After the statistical analysis, the data were trained through various traditional ML models like Decision trees, Random Forest, and Ensemble ML Models such as Adaptive boosting, Gradient boosting, and Extreme gradient boosting.

Evaluation of ML models

Various parameters like Accuracy, Precision, Recall, and F1 score measured the performance of the ML models. The Confusion Matrix was implemented to judge the accuracy along with ROC analysis.

Study outcomes

To achieve our objectives, we conducted an in-depth analysis of the major health complications associated with COVID-19. A comprehensive overview of our findings is presented in Fig.  1 . Our research identified 17 significant health factors, categorized as Physiological and Neurological, which played a pivotal role in our study. Using these factors as a foundation, we conducted surveys with individuals who had recovered from COVID to assess their conditions both before and after their illness. We rigorously subjected this survey data to statistical analysis, unveiling how each of these 17 factors independently influences patients and exploring their interconnections. This marks the accomplishment of our second objective. Subsequently, we proceeded to identify the most effective predictive models for determining the extent of influence exerted by these health factors. Notably, the Decision Tree algorithm exhibited the highest accuracy in predicting anxiety levels, which serves as our ultimate objective. In our final stage, we identified the key features in the post-effect of the best-performing machine learning model. We employed a variety of methods, including feature importance analysis, Gini index, information gain, feature importance permutation, and SHAP value analysis, to uncover these essential insights of important features of post-COVID-19 effects. The primary outcomes of our study are:

Our research focused on analyzing major health complications related to COVID-19 by identifying 17 significant health factors categorized as Physiological and Neurological.

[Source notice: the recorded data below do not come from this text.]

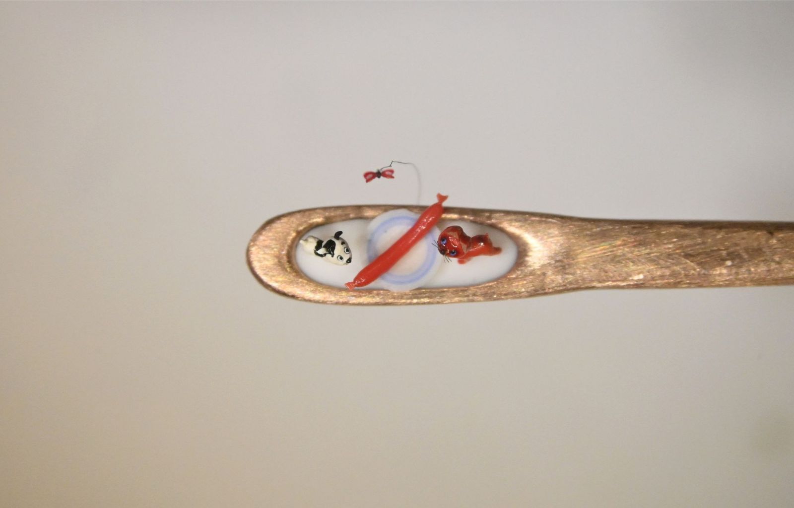 Котенок Гав и его друг щенок Шарик стоят рядом с тарелкой, на которой лежит большая сосиска. Высота фигурок – около 1 мм, парящей над ними бабочки – вовсе 0,4 мм.
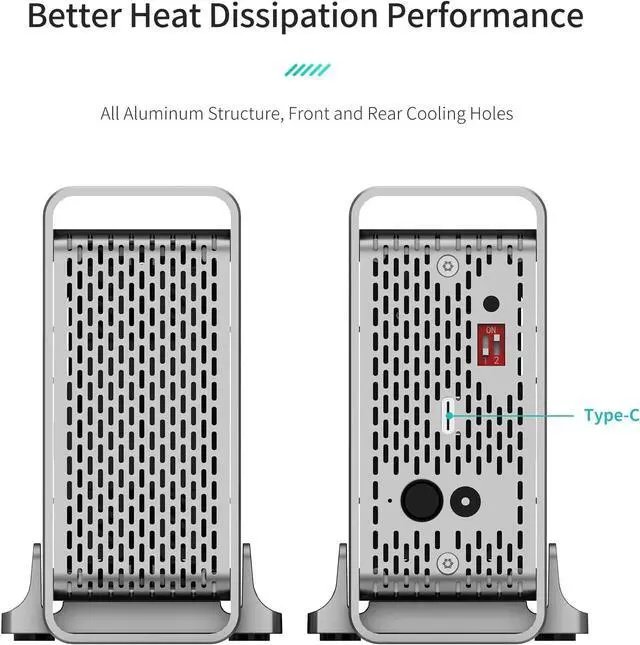Better Heat DissipationThe whole aluminum shell body and meteor radiators at the front and rear help with faster air ventilation and efficient heat dissipation. The dual bay sata hard drive caddy is made of full aluminum alloy with CNC carving and sandblast anodized surface, featuring a perfect performance against scratches, dust and shock, and providing fully protection to your hard drives.
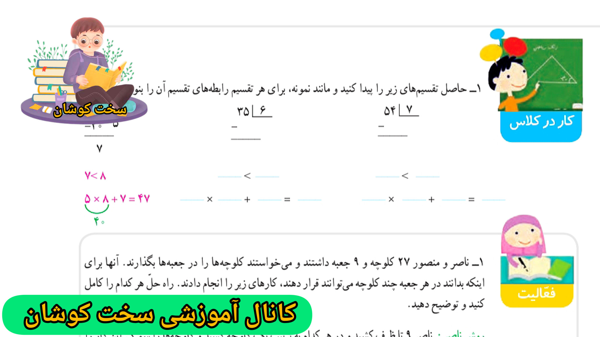 صفحه ۶۱ ریاضی چهارم دبستان | کاردر کلاس صفحه ۶۱ ریاضی چهارم دبستان
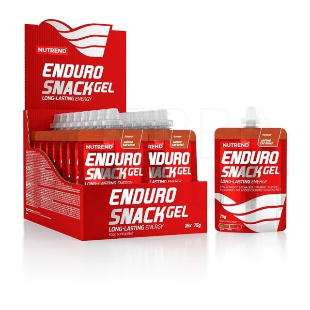 ENDUROSNACK GEL príchuť slaný karamel: voda, 31,5% izomaltulóza - Palatinose™ (je zdrojom fruktózy a glukózy), glukóza, zahusťovadlo xantánová guma, taurín, glycín, L-leucín, L-alanín, regulátor kyslosti kyselina citrónová, chlorid sodný, regulátor kyslosti kyselina jablčná, L-izoleucín, L-valín, aróma, konzervanty benzoan sodný a kyselina sorbová, L-karnozín, sladidlá acesulfam K a sukralóza.

We conducted surveys with recovered COVID-19 patients to assess the impact of these factors on their health before and after their illness.

We rigorously analyzed the survey data to examining the independent influence of each factor and their interconnections.

We chose the most important feature named Anxiety from the outcome of survey study frequency. Among four ML models, the Decision Tree algorithm demonstrated the highest accuracy in predicting anxiety levels.

In our final stage, we identified key features in the post-effects of the best-performing machine learning model through various methods, providing valuable insights into post-COVID-19 effects.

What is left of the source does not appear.